Your instructions
All lines from the one holding "16 oz Glass" to the end of the listing are to be output exactly, both ends included, with any pictures left out.

Data block

************

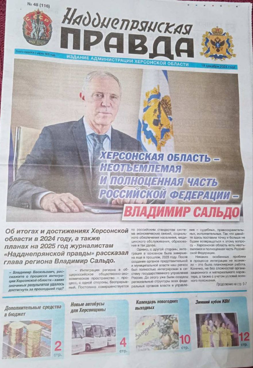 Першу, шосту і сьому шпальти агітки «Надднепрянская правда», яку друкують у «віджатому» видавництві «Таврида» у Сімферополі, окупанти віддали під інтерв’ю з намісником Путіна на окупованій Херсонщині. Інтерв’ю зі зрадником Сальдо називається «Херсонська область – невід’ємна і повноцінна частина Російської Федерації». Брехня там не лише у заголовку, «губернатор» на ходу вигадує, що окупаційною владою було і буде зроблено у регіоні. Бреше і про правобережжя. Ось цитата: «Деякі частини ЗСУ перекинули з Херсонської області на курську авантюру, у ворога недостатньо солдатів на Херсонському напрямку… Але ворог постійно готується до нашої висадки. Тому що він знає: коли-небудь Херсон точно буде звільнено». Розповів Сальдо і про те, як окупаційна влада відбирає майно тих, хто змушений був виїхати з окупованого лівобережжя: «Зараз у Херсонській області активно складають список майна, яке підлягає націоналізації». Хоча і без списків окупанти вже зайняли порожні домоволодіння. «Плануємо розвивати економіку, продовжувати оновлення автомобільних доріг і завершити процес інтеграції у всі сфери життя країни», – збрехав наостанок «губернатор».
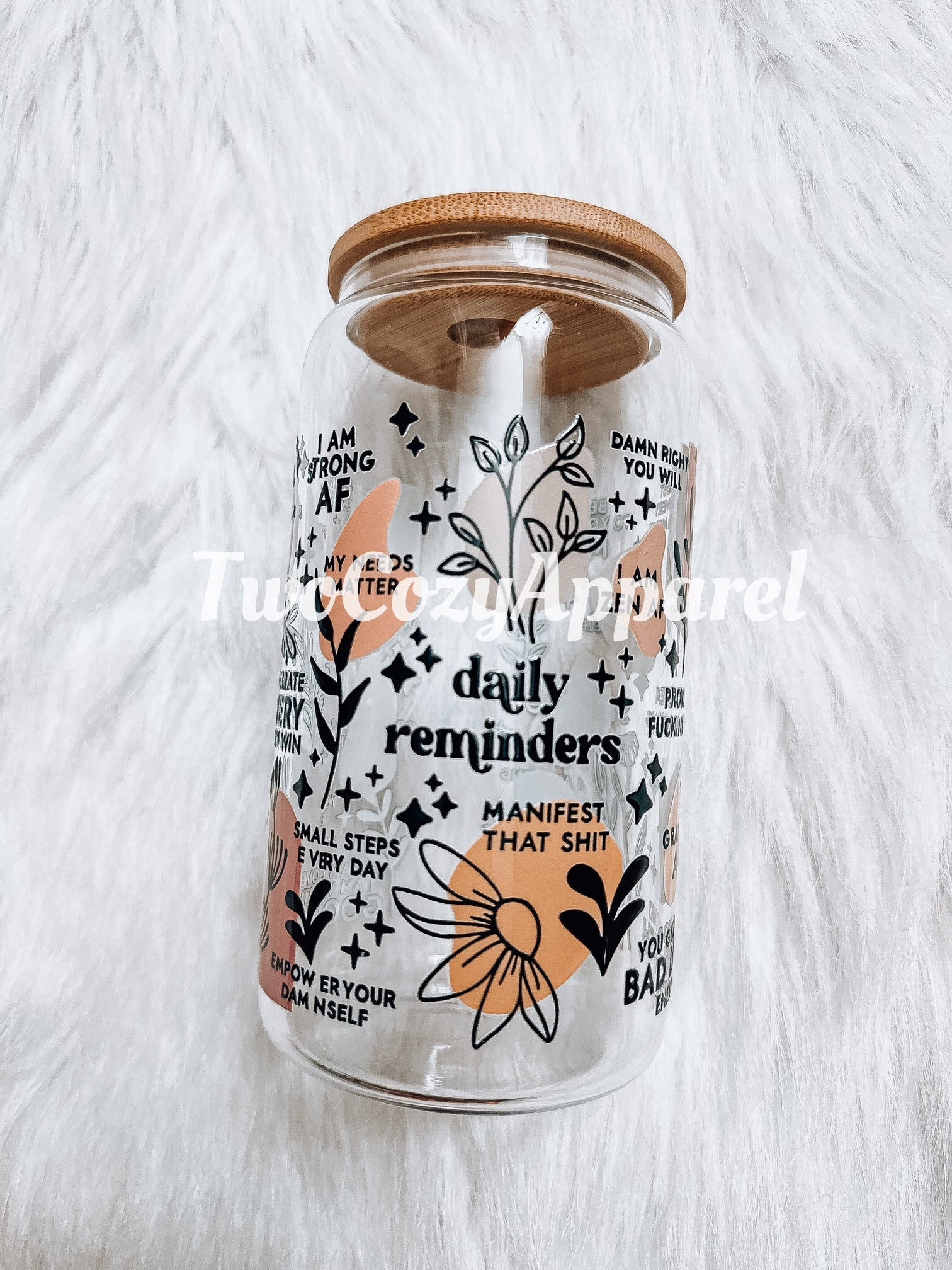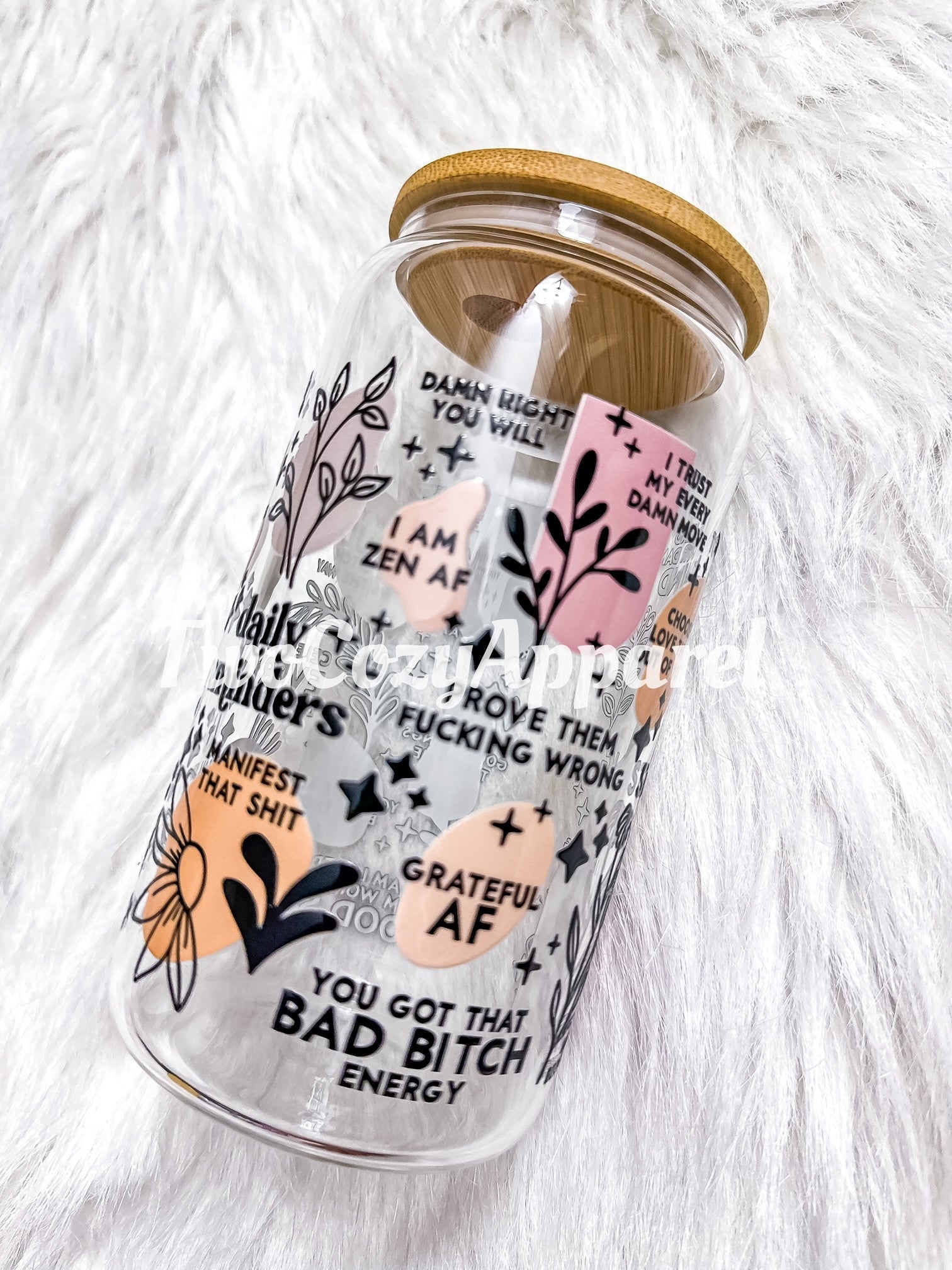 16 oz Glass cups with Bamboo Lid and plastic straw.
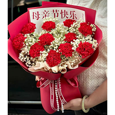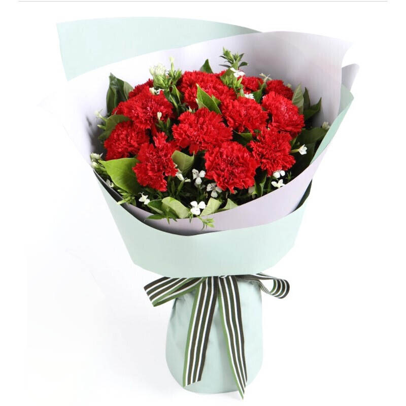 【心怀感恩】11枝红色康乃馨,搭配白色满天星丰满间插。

************

Worked solution
 16 oz Glass cups with Bamboo Lid and plastic straw.
 【心怀感恩】11枝红色康乃馨,搭配白色满天星丰满间插。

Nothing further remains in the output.